* [REQUIREMENT]
Would you return the lines that run from the start of the data below to the line with "La petite angesse", both included, exactly as written and without pictures?

--- DATA TO EXAMINE ---

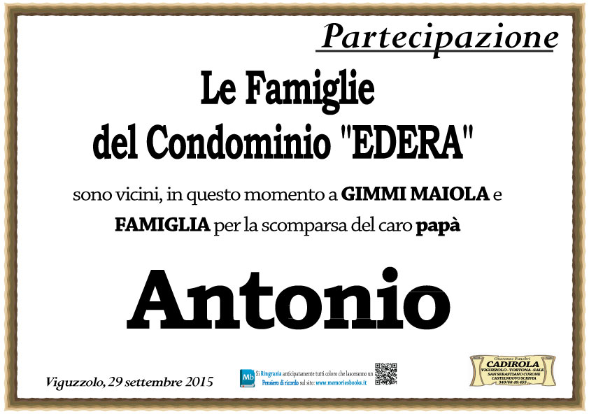Clicca il pulsante qui sotto per visualizzare sulla mappa il luogo dove riposa ANTONIO MAIOLA.
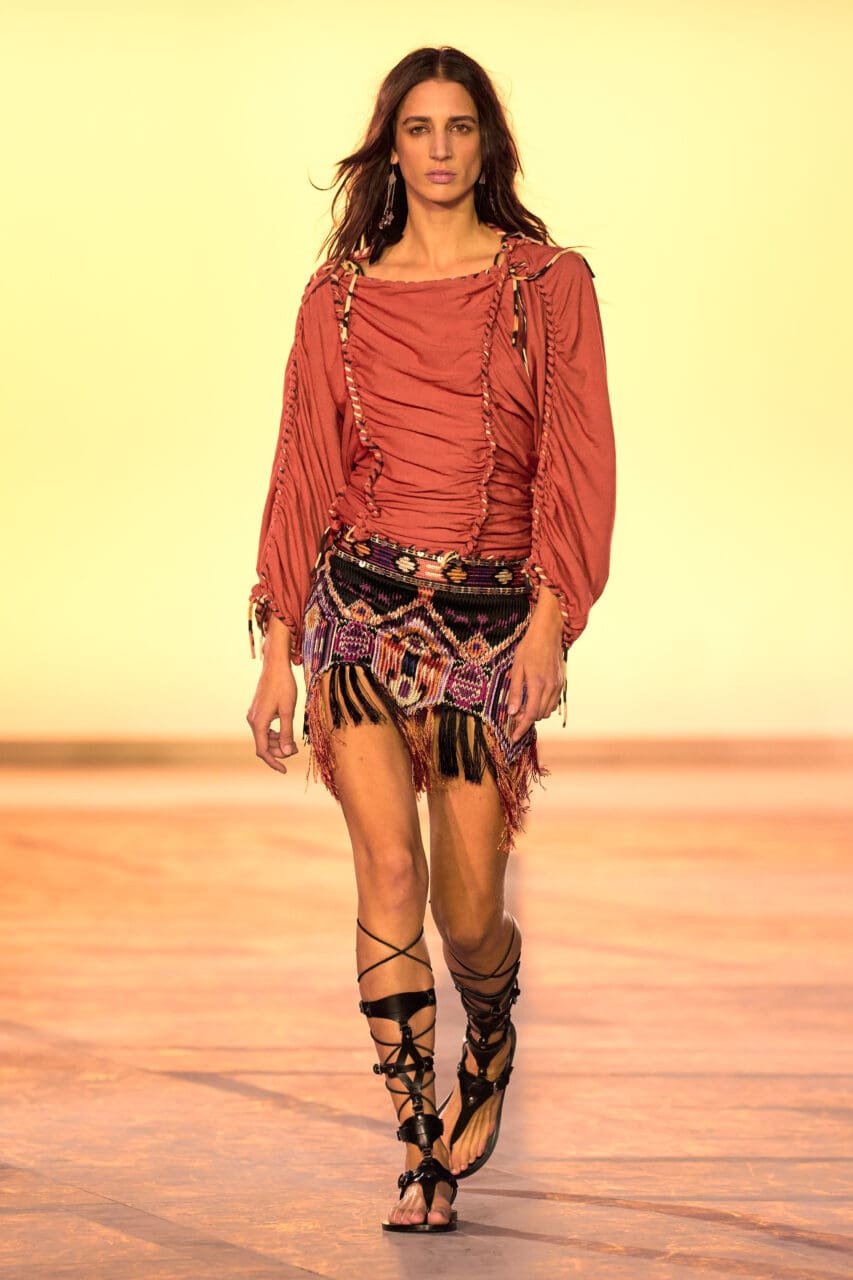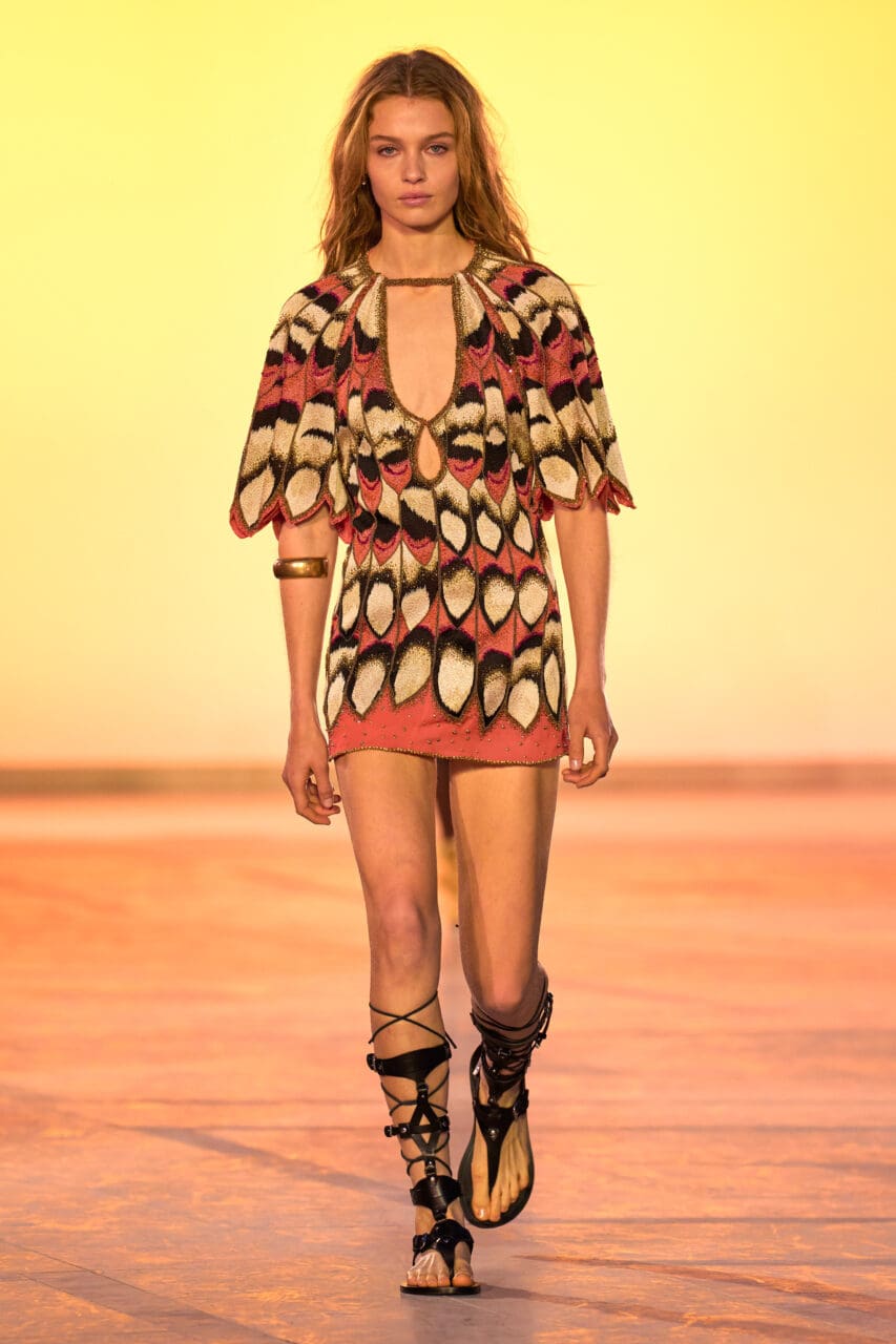 「我想回到我們的根基,做一些真正手工藝的東西,這是關於一群非常強大的女性。而且有一點亞馬遜的氛圍。」Marant在《Vogue》Runway的採訪中說。系列的熱帶元素引人注目,如絲線編織圖案針織裙,靈感來自南美的蝴蝶。品牌工藝和DNA非常顯著,彩虹色調流蘇的絲質外套、米色和抽象印花拼接而成的上衣,還有由銀色珍珠光澤物料構成的金屬灰色長裙,透出身體肌膚,賦予性感又慵懶的氣息。
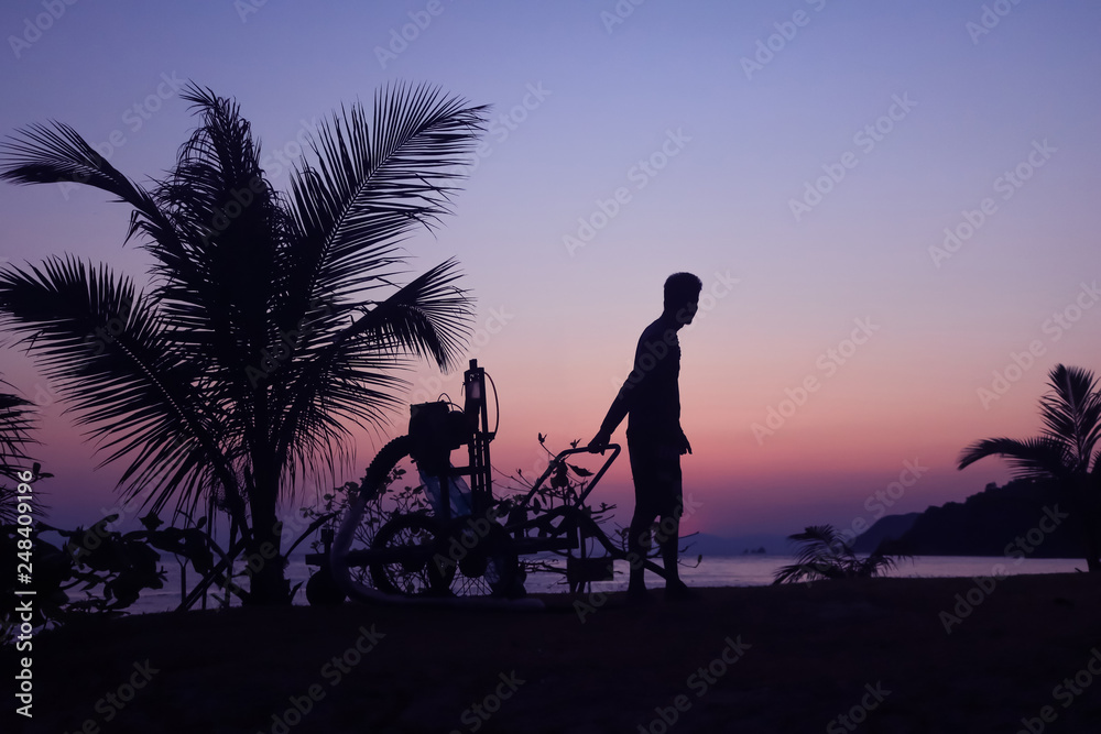 Beach cleaning machines with asian worker clean a little of waste and piece of foam on the beach
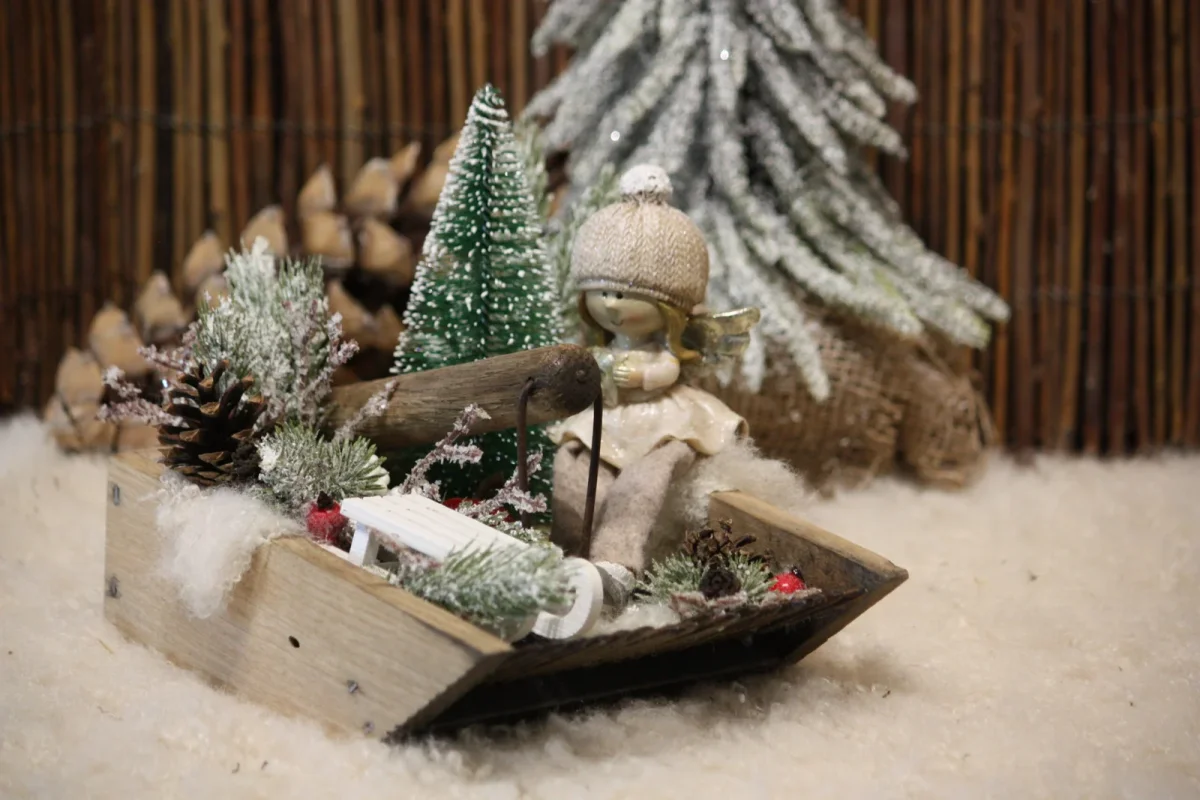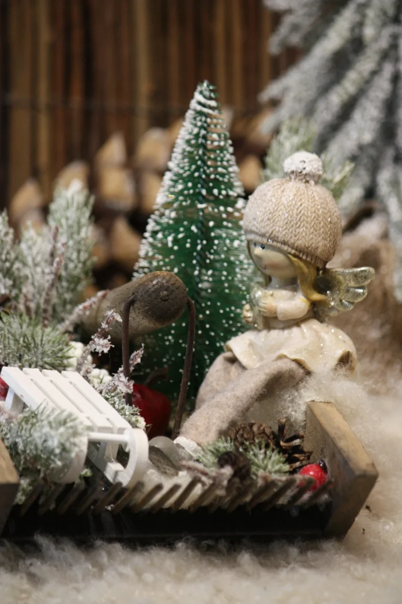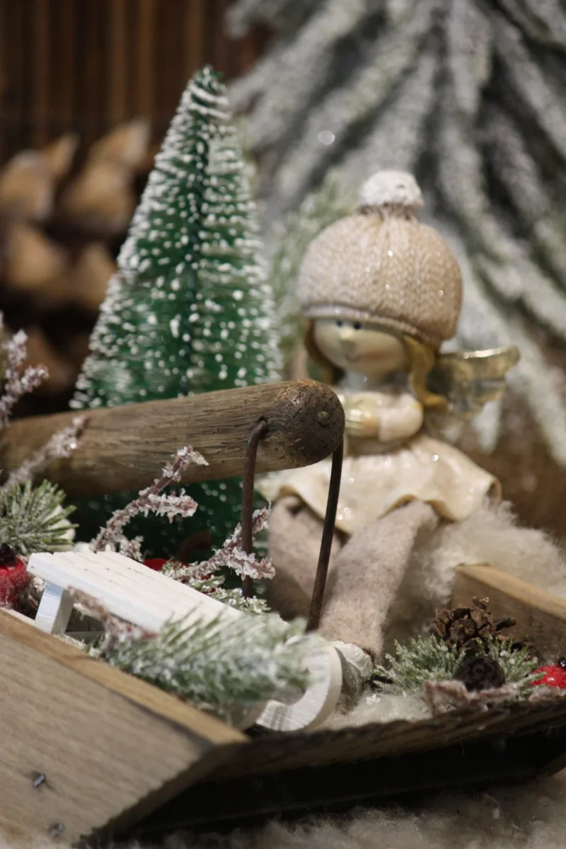 La petite angesse se balade avec sa luge en attendant Noël, une petite touche de douceur et de nostalgie pour votre décoration / Support véritable ancien peigne à myrtilles en bois et métal / Petite angesse en résine et feutrine / Petite luge en bois / Fausse fourrure / Véritables pommes de pin et divers fruits / Sapins, branchage et baies artificiels / Création artisanale, par Boiseline
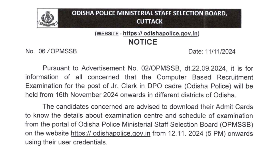 According to Advertisement No. 02/OPMSSB, dt. 22.09.2024 , the Odisha Police Junior Clerk Admit Card 2024 will be available from 12th November 2024 at 5 PM on the official website of the Odisha Police Ministerial Staff Selection Board (OPMSSB). Candidates must download the admit card in advance and carefully review the details regarding their examination center and schedule.
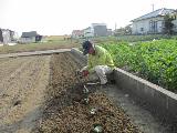 キョウナ 耕運機で耕して、レタスの隣に1列の種まきです。畝@ 9月5日種まき
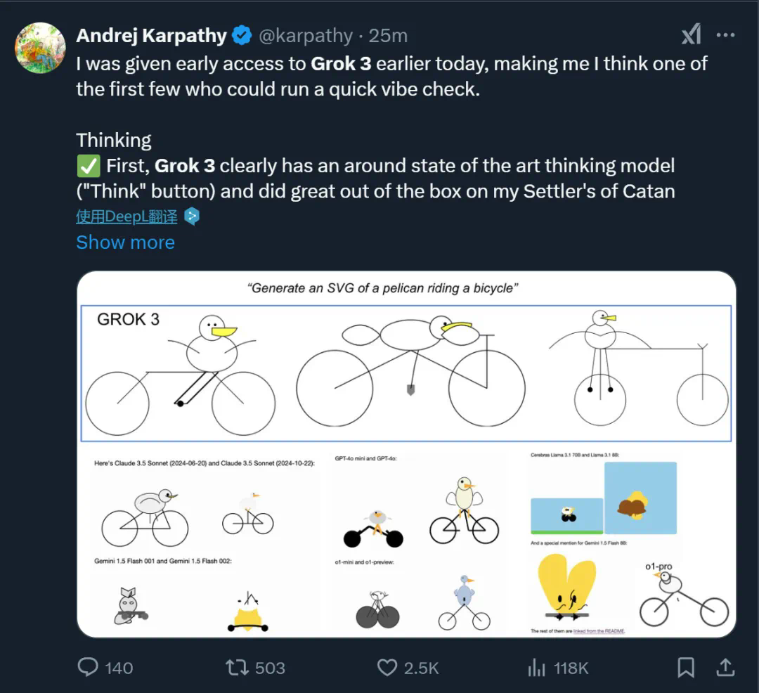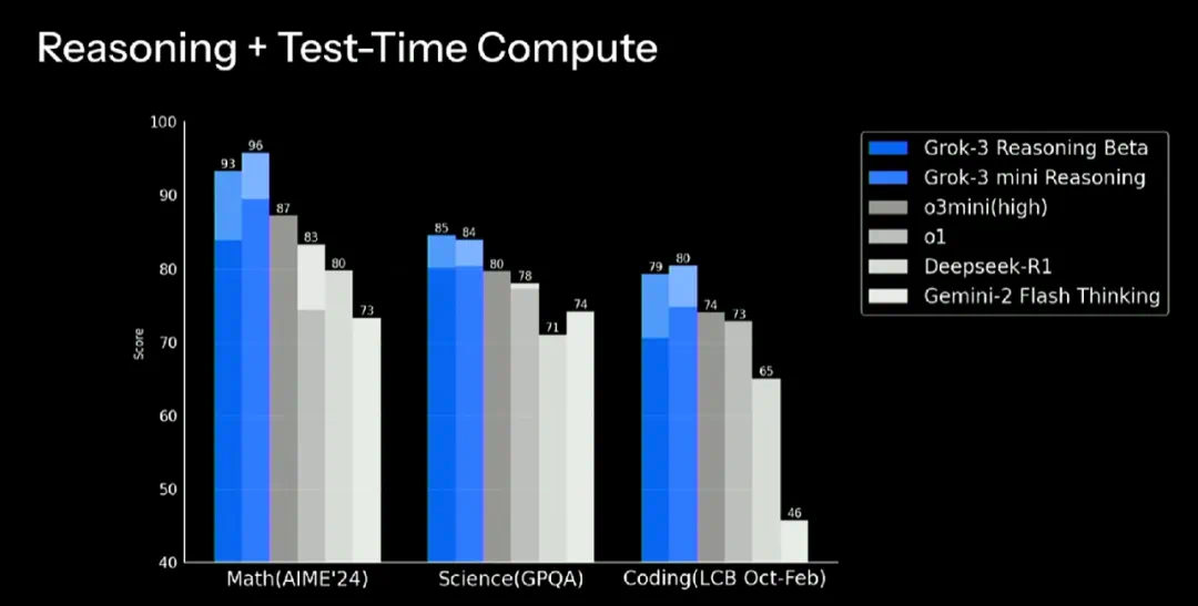 Grok-3 + Thinking 的水平接近 OpenAI 最强模型(每月 200 美元的 o1-pro)的最先进水平,略优于 DeepSeek-R1 和 Gemini 2.0 Flash Thinking。 -
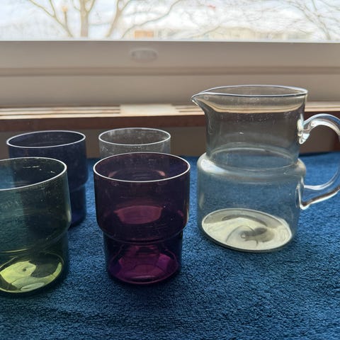 Kaksi värillistä, vanhaa lasia, ehkä Kaj Frankin suunnittelemia. Merkki joko viola, kartio...Vanhoja ovat. Kolmas on vanha sinappilasi. Nouto tai postitus. Yhteishinta 10 e.
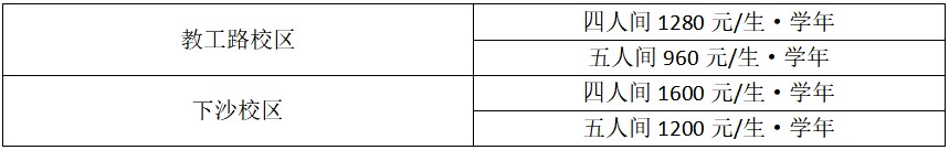 2025年工商管理类专业学费为6095元/生学年,住宿费根据校区、房型不同收费有差异,详情见下图:
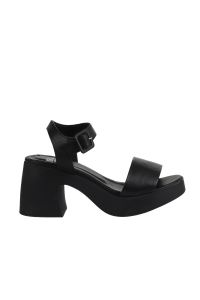 SİYAH DERİ KADIN TOPUKLU SANDALET
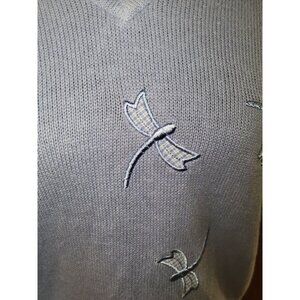 Vintage Christopher Banks Knit Embroidered Dragonfly Short Sleeve Sweater Top

---

* [ANSWER SPACE]
Clicca il pulsante qui sotto per visualizzare sulla mappa il luogo dove riposa ANTONIO MAIOLA.
 「我想回到我們的根基,做一些真正手工藝的東西,這是關於一群非常強大的女性。而且有一點亞馬遜的氛圍。」Marant在《Vogue》Runway的採訪中說。系列的熱帶元素引人注目,如絲線編織圖案針織裙,靈感來自南美的蝴蝶。品牌工藝和DNA非常顯著,彩虹色調流蘇的絲質外套、米色和抽象印花拼接而成的上衣,還有由銀色珍珠光澤物料構成的金屬灰色長裙,透出身體肌膚,賦予性感又慵懶的氣息。
 Beach cleaning machines with asian worker clean a little of waste and piece of foam on the beach
 La petite angesse se balade avec sa luge en attendant Noël, une petite touche de douceur et de nostalgie pour votre décoration / Support véritable ancien peigne à myrtilles en bois et métal / Petite angesse en résine et feutrine / Petite luge en bois / Fausse fourrure / Véritables pommes de pin et divers fruits / Sapins, branchage et baies artificiels / Création artisanale, par Boiseline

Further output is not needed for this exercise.